Default whitespace splitting
By default, the field separator is white space (space, tab etc).
Let's extract user information from our access log:
awk '{print "IP:", $1, "User:", $3, "Status:", $7}' access.log
It automatically splits on spaces and extracts IP address, username, and HTTP status code.
Output:
IP: 192.168.1.100 User: alice Status: 200
IP: 192.168.1.101 User: bob Status: 200
IP: 192.168.1.102 User: charlie Status: 404
IP: 10.0.0.50 User: admin Status: 403
IP: 192.168.1.100 User: alice Status: 200
Custom field separators
Now let's process our CSV inventory.
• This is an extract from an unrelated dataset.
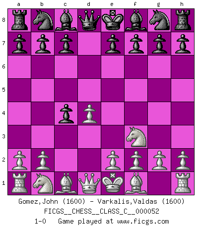 Last move : 1-0 2007 September 11 19:54:53 [Event "FICGS__CHESS__CLASS_C__000052"] [Site "FICGS"] [Date "2007.07.27"] [Round "1"] [White "Gomez,John"] [Black "Varkalis,Valdas"] [Result "1-0"] [WhiteElo "1600"] [BlackElo "1600"] 1.d4 d5 2.c4 dxc4 3.Nf3 1-0 This chess game has been lost on time (started : 2007.07.27 3:9:6) QGA : 3.Nf3 Player White won this chess game. Follow this game move after move (download)The blunders are all there on the board, waiting to be made. (Savielly Tartakover) Der zweitbeste Zug ist oft der einzig richtige. (Savielly Grigorievitsch Tartakower) El Ajedrez te enseña a controlarl la excitación inicial que sientes cuando vez algo que parece bueno y te enseña a pensar objetivamente cuando te encuentras en problemas. (Stanley Kubrick) Seul un grand joueur sait à quel point il joue faiblement. (Xavier Tartacover) If you don't practice you don't deserve to win. (Andre Agassi)

Here we define that we have to cut the data at every comma with -F,
:
awk -F, '{print $1, "by", $2, "costs $" $4}' inventory.csv
In this example, it uses comma as a separator to extract product type, manufacturer, and price from CSV.
laptop by Dell costs $1299.99
desktop by HP costs $899.50
tablet by Apple costs $599.00
monitor by Samsung costs $349.99
keyboard by Logitech costs $99.99
💡 You can also handle multiple separators.
Create mixed_data.txt
:
server01::cpu::75::memory::4096
web02|admin|active|192.168.1.10
db-server,mysql,running,8192,16
cache:redis:online:1024
Now let's work on it.
awk -F'[:|,]' '{print "Server:", $1, "Service:", $2, "Info:", $4}' mixed_data.txt
It uses a character class to split on colons, pipes, or commas, thus handling inconsistent delimiters.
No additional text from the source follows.